1. Introduction
Traditional manufacturing is undergoing a transformation towards intelligent manufacturing with the development of information technology, demanding intelligent and automated upgrades in machining [
1]. In the machining process, tool wear is inevitable, which directly affects the tool surface integrity and machining accuracy, and may even damage the machine tool [
2,
3,
4]. Relevant studies have shown that 10–40% of machine tool downtime is caused by abnormal tool conditions [
5] and the service life of tools is only 50–80% of the recommended service life [
6]. Therefore, tool condition monitoring (TCM) offers advantages in cutting costs and enhancing production efficiency and product quality, and holds significance for smart manufacturing.

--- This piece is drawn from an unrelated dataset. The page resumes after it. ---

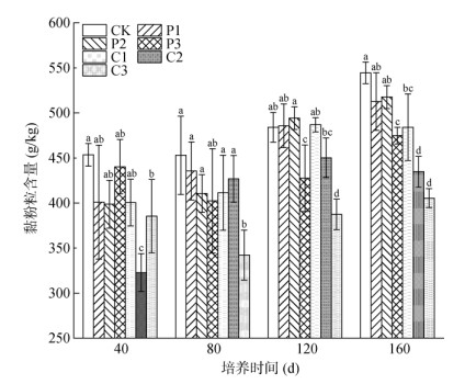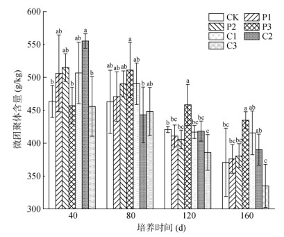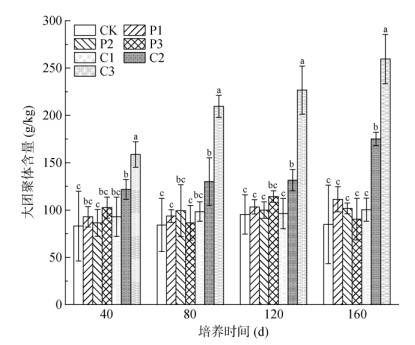 图 2为高分子材料配施木醋液条件下的土壤微团聚体含量。从培养80 d开始,P3处理的土壤微团聚体含量均在各处理中最大,培养80、120、160 d时其微团聚体含量分别为510.10、458.23和434.90 g/kg,分别较CK提高10.44%、8.91% 和17.26%,在培养120 d和160 d时与CK差异显著(P < 0.05)。在40 d时,C2处理的微团聚体含量最大,较CK显著(P < 0.05)提高19.81%。各培养时期C3处理的微团聚体含量均低于CK,分别为455.87、448.17、385.93和335.00 g/kg,较CK分别降低1.64%、3.15%、8.27% 和9.68%,其中在培养120 d时与CK差异显著(P < 0.05)。由此可知,0.4% 的γ-聚谷氨酸配施木醋液对土壤微团聚体含量总体有显著提升作用。

Two methods are commonly applied in TCM, namely, direct and indirect methods. For the direct method, the tool wear is directly measured with an optical microscope or a CCD camera based on computer vision methods [
7]. In the indirect method, models of TCM are established based on signals collected by sensors, such as cutting force [
8], vibration [
9], acoustic emission [
10], and spindle power [
11]. Compared with direct methods that require machine tools to be shut down for measuring, indirect methods allow in situ estimates of tool condition based on sensor data. Consequently, indirect methods are considered to be more suitable for in situ tool condition monitoring.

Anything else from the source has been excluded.